A fifteen frontal sled test campaign was carried out on two Anthropomorphic Test Devices (ATDs) and nine PMHS. The test environment was designed to be reproducible. It consisted of a rigid seat, a 2-points shoulder belt and a 2-points lap belt instrumented to record their 3D forces at anchorage. The subjects were instrumented with angular sensors at the sacrum, T1 and T12 levels to record their initial angles. Kinematics was measured at these three levels by means of three accelerometers and angular velocity sensors. A PMHS positioning procedure was developed to ensure repeatability.
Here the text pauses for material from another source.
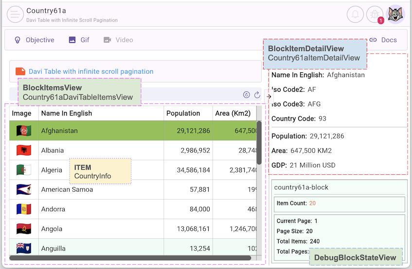 }Below is the complete implementation of Country61aDaviTableItemsView, demonstrating how to build an infinite scrolling data table by combining Davi, FaDaviTable, and the FlutterArtist pagination mechanism.

A pre-test was performed on each subject to characterize its lumbar spine static behavior. All the subjects were CT-scanned from head to toe prior to the test. The campaign was divided into three test configurations leading to different surrogates' interaction with the environment and different kinematics. This resulted in a wider range of behaviors for the dummies evaluation. The deceleration pulse, initial lap belt angle, lap belt slack, seat pan angle and footrest position varied. The Hybrid II and Hybrid III dummies and three PMHS were tested in each configuration.
Forces and kinematics time history corridors based on the PMHS responses are provided for each configuration. The dummies' responses are evaluated against these targets. For the first configuration (40 km/h), the peak lap belt tension for both sides was between 3,000 N and 6,385 N for the three PMHS while it was around 4,700 N and 6,200 N in average for Hybrid II and Hybrid III respectively. The maximum pelvic rotation ranged from 41° to 80° for the PMHS and reached approximately 45° for the two dummies. For the other two configurations (50 km/h), the peak lap belt tension varied from 3,660 N to 7,180 N for the PMHS and was between 5,400 N and 6,100 N for Hybrid II and between 7,145 N and 7,900 N for Hybrid III. The maximum pelvic rotation ranged from 43° to 73° for the PMHS, while it reached approximately 54° and 46° for Hybrid II and Hybrid III respectively.